General Rudie was a third wave ska band from Montreal, Quebec, Canada. In their nine-year career, the band released two full-length albums on Stomp Records and toured extensively throughout Canada and the United States.

Career
General Rudie was founded in February 1997 and their first concert was in March 1997, as the opening act at a Flashlight Brown concert (who were at that time called Flashlight). After playing together for three years, mostly in the Montreal area, they opened for The Skatalites in 2000. In the same year, the band performed in Toronto at Ska Ska Oi!, a punk/ska concert organized by the Toronto chapter of Anti Racist Action. They also performed at the Toronto International Jazz Festival. In the later part of 2000, General Rudie toured southern Ontario in support of their first EP The Green Light Sessions, Vol 1, including a performance at the Canadian Tulip Festival. The band had plans to tour the rest of Canada to support the EP, but according to singer Phil Dixon, the band "exploded and we spent the summer rebuilding". Instead, the band worked on establishing a solid line-up and writing new material.

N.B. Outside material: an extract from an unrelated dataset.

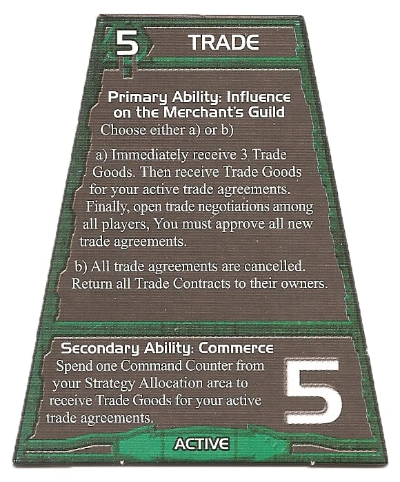 Lorsque la religion et les superstitions n’arrivent plus à assurer la sécurité et la suprématie de Fondation, qui a beaucoup gagné en puissance, les administrateurs de Terminus se tournent vers une arme aussi puissante que surprenante : le commerce. Les marchants de Fondation sont devenus avec les années très riches et puissants; ils récoltent effectivement les profits engendrés par la vente de marchandises atomiques aux systèmes voisins. Ces derniers, dépendent alors de ces objets technologiques, un peu comme nous ne saurions nous passer de l’électricité, des ordinateurs…. Aucun ne peut se permettre d’entrer en guerre contre la Fondation, ceci signifierait l’embargo et une pénurie de biens essentiels. Les accords commerciaux deviennent par conséquent des accords de paix plus ou moins forcés, très coûteux à briser. Dans TI3, la carte « Commerce » permet aux joueurs d’échanger des « Accords commerciaux ». En d’autres mots, un joueur remet une carte à un joueur en échange d’une autre. Chaque tour où la carte stratégique commerce est jouée, ces joueurs reçoivent des ressources (disons de la monnaie) d’un montant correspondant aux cartes commerciales reçues. Par exemple, le joueur A donne une carte de valeur 3 au joueur B en échange d’une de valeur 3 et une carte de valeur 1 au joueur C en échange d’une autre de valeur 3. Lors de la « récolte », A reçoit donc 6 ressources (3+3), B en reçoit 3 et C seulement 1. La règle dit que tout accord commercial conclu est annulé si l’un des deux joueurs impliqués attaque l’autre. Difficile de commercer avec quelqu’un que l’on cherche à détruire. Dans l’exemple précédent, A ne s’attaquera probablement pas à B ou C, car il retire beaucoup de ses accords. En contrepartie, comme il a peu à perdre, C pourrait facilement entrer en guerre avec B (ils n’ont aucun accord) ou même A (ce dernier profite beaucoup plus de leur échange). La Fondation se trouve un peu dans la situation de C, ses voisins profitent énormément des échanges commerciaux; ils ne la défieront pas.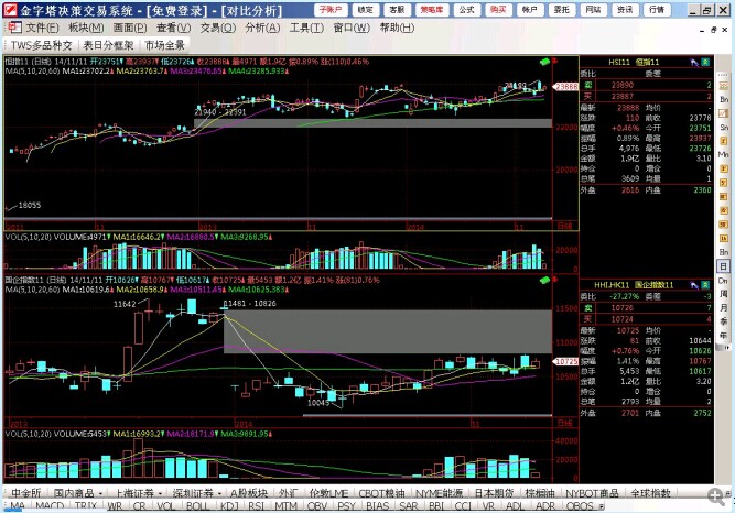 我想每天开机都看到2个品种图上下对比分析(菜单里点画面-》多图组合-》2图对比分析组合)

Stomp Records, Canada's largest ska record label, expressed an interest in signing General Rudie for a recording contract. The band began work on their first full-length release for Stomp in 2001, following a weeklong tour of the Canadian Maritimes with future label-mates and fellow Montréalers The Planet Smashers. The album, Cooling the Mark was completed by the end of the year. The official release party was at the 2002 Ska Ska Oi! concert. They also played the same ARA benefit in 2003, sharing the stage with Closet Monster and Nightshift.

The release of their second album, Take Your Place, was in 2004. The album had 13 songs, including the single "Shelter", whose lyrics call for help for Montréal's homeless. The video for "Shelter" includes footage of squeegee kids and panhandlers interspersed with shots of the band performing in an abandoned building and under a highway overpass.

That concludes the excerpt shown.